Monday, November 20, 2006

Multitasking and working cooperatively with others

From the job postings at the local university, it became apparent to me that the school valued staff members with the "ability to multi-task and work cooperatively with others."

If that boilerplate is true, the human resources department should consider passing out applications at all the coffee shops in town. Never have I multitasked nor worked as cooperatively with others—under such pressure—as while waiting tables during a busy lunch.

Waiting tables is a heck of a lot more skilled than unskilled labor, contrary to popular belief. Of my former office-working brethren, I'd reckon that a mere 10% could successfully wait tables through a rush.

Every table is in a different phase of the meal: drinks, salad, entree, check back, refills, dessert, check, change. To the clientele I present a facade that is variously friendly, wise-cracking, flirtatious, unflappable, indulgent, efficient, witty, respectful...but always attentive. The ability to continually juggle the various stages of the meal for several tables, while greeting people, dealing with cooks, punching in orders on the touchscreen, carrying heavy plates, appearing cheerful and's not for the timid. On top of that, we are expected to remember the nuances of every regular customer's order: no cucumbers on the salad, French dressing, dry hamburger, no ice in the drink.

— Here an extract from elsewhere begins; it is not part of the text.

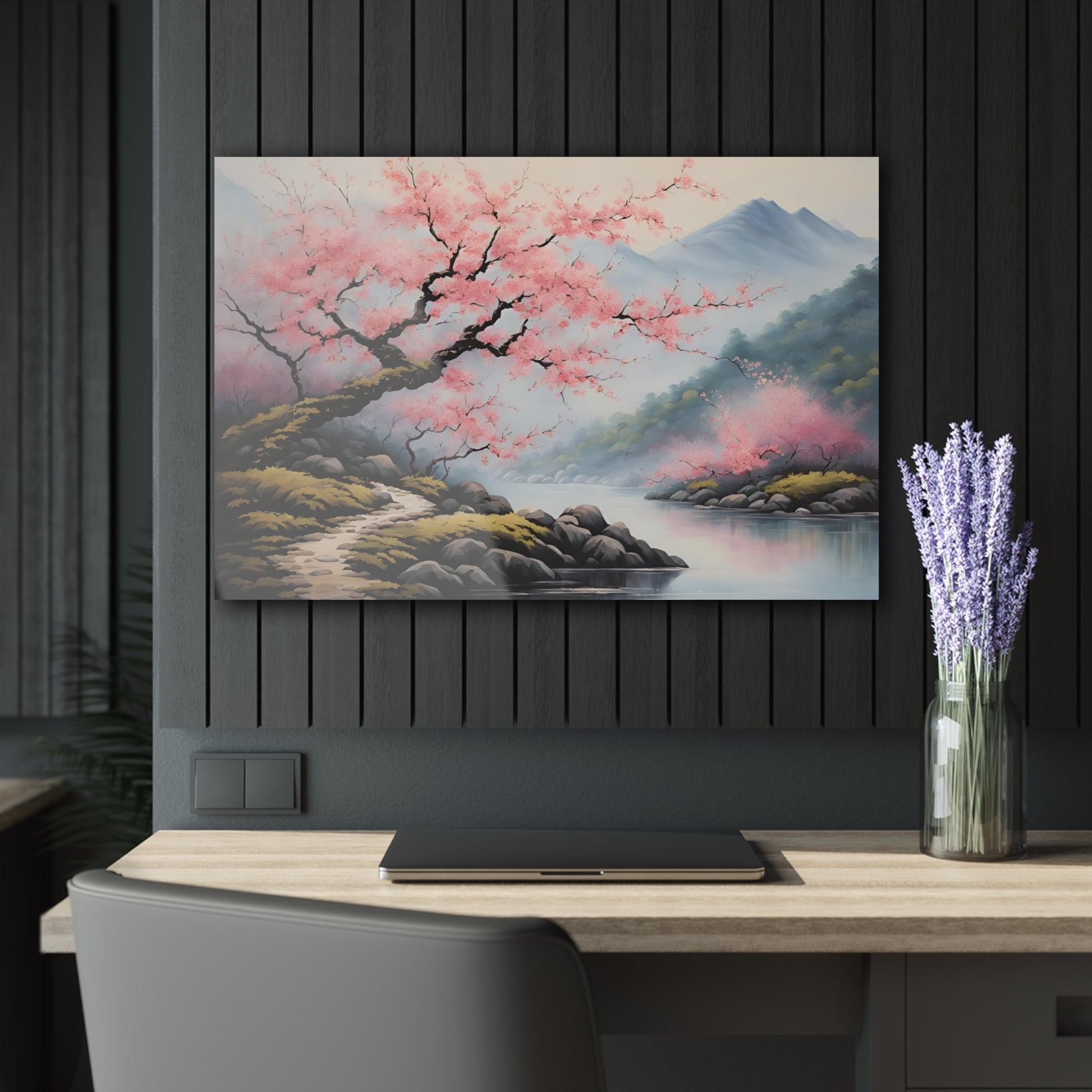 Large Asian Floral Design Acrylic Print with French Cleat Nature Lover Wall Art Flower Lover Gift Art Modern Plum Cherry Blossom Home Decor

To make things even more complicated, entrees are placed in the window with no documentation as to which waitress, or even table, they go to. We just sort it out.

And we make it look easy.

It's not.

And then there is the interface with the cooks, who turn out a prodigious quantity of good food quickly, working—as former waitress and memoirist Debra Ginsberg wrote in her fine book, Waiting: The True Confessions of a Waitress — "literally in the fire," but who can't help but vent at the nearest thing: animate or inanimate.

But I like it: the fast pace, the friendly customers, the jokes of the other waitresses, the satisfaction afterward.

Things have changed in 25 years since I last hoisted a tray. Touchscreen is way now. And no keyboard. Through this one touchscreen orders are logged, clock-ins and -outs entered, employee meals ordered, checks printed, cash transactions accounted for, credit cards swiped. It's the brains of the operation.

If the touchscreen goes out of calibration, the operation grinds to a halt.

Once more or less getting the hang of things and understanding the rhythm of waiting tables, the waitress can view her job as a sociological study.